• _Data records_:
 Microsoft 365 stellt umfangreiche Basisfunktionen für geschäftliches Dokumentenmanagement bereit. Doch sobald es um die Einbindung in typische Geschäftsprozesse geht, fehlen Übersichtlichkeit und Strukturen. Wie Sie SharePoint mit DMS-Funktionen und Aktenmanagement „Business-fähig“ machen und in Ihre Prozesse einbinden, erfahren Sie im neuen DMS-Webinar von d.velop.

---

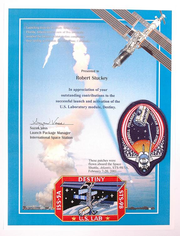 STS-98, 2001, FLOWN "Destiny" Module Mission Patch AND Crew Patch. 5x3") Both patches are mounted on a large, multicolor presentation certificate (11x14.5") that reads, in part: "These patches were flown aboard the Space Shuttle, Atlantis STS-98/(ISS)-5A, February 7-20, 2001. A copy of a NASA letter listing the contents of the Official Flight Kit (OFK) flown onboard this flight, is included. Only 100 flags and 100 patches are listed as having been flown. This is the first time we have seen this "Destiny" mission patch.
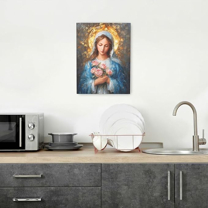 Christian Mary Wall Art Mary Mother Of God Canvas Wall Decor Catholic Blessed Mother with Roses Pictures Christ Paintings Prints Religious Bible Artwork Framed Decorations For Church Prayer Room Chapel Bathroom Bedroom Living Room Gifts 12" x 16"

• _The task_:
Leaving out all pictures, set down exactly the lines of the material above, from the line with "STS-98, 2001, FLOWN" to the line with "Christian Mary Wall" inclusive, and no others.

• _Answer to the exercise_:
 STS-98, 2001, FLOWN "Destiny" Module Mission Patch AND Crew Patch. 5x3") Both patches are mounted on a large, multicolor presentation certificate (11x14.5") that reads, in part: "These patches were flown aboard the Space Shuttle, Atlantis STS-98/(ISS)-5A, February 7-20, 2001. A copy of a NASA letter listing the contents of the Official Flight Kit (OFK) flown onboard this flight, is included. Only 100 flags and 100 patches are listed as having been flown. This is the first time we have seen this "Destiny" mission patch.
 Christian Mary Wall Art Mary Mother Of God Canvas Wall Decor Catholic Blessed Mother with Roses Pictures Christ Paintings Prints Religious Bible Artwork Framed Decorations For Church Prayer Room Chapel Bathroom Bedroom Living Room Gifts 12" x 16"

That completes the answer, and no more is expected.